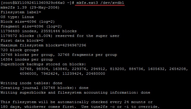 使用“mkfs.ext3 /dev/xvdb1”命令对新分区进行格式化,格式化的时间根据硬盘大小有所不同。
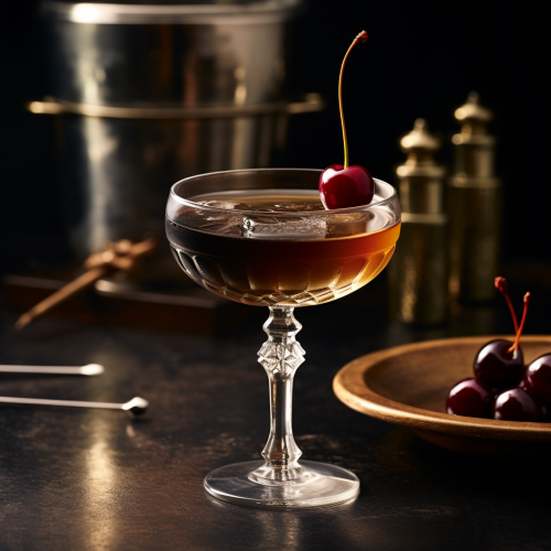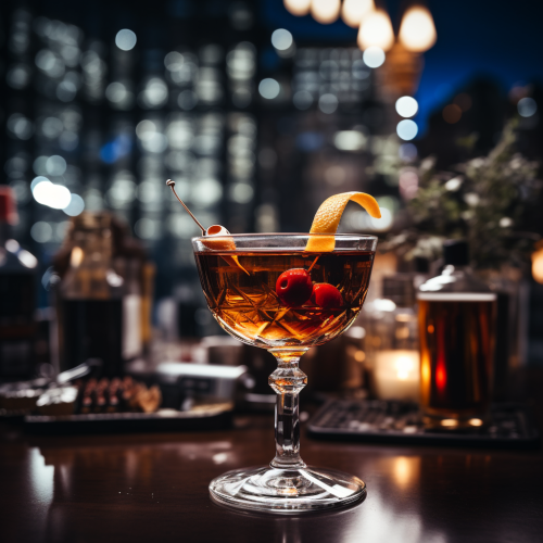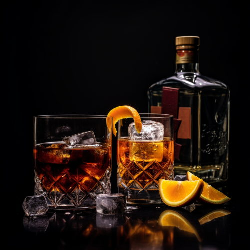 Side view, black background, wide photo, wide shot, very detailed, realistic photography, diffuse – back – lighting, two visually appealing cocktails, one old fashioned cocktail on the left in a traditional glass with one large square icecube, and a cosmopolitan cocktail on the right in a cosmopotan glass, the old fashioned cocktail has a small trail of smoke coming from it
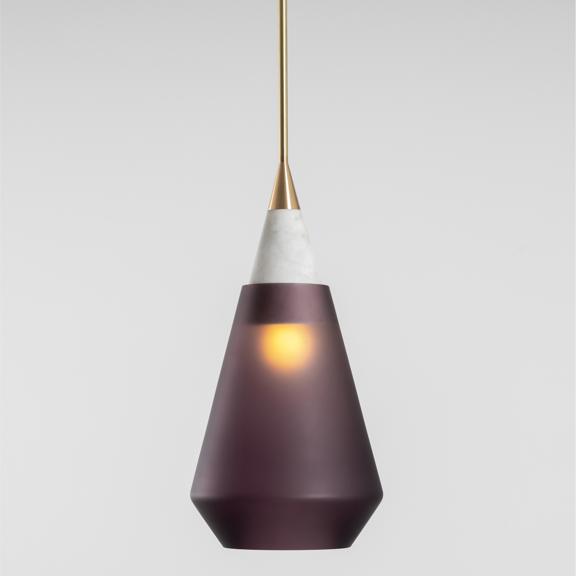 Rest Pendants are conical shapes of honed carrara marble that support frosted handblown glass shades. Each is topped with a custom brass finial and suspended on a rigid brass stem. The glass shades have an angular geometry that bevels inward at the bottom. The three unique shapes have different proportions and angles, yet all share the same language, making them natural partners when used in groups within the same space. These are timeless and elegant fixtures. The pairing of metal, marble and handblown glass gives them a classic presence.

+---+

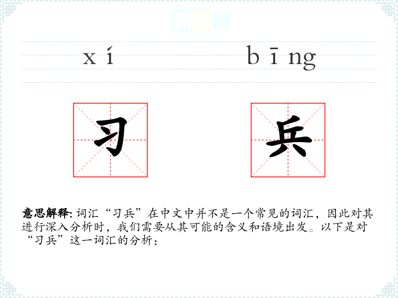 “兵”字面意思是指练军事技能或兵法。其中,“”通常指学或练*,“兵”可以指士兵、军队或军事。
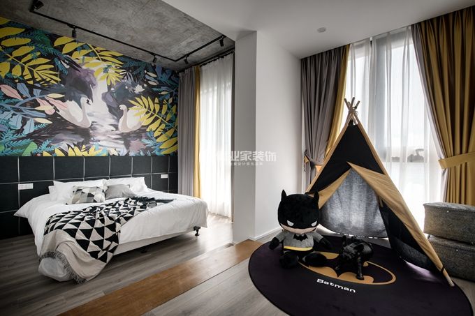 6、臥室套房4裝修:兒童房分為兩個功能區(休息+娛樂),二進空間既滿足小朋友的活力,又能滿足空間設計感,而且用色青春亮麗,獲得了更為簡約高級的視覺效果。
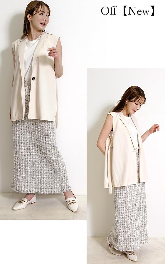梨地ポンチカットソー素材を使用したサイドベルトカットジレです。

+---+

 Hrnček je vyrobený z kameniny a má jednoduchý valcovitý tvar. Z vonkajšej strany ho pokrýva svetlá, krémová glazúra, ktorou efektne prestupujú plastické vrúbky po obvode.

+---+

Print exactly the lines above that run from the one with "6、臥室套房4裝修:兒童房分" to the one with "梨地ポンチカットソー素材を使用したサイドベルトカットジレです。", both included. No pictures.

 6、臥室套房4裝修:兒童房分為兩個功能區(休息+娛樂),二進空間既滿足小朋友的活力,又能滿足空間設計感,而且用色青春亮麗,獲得了更為簡約高級的視覺效果。
梨地ポンチカットソー素材を使用したサイドベルトカットジレです。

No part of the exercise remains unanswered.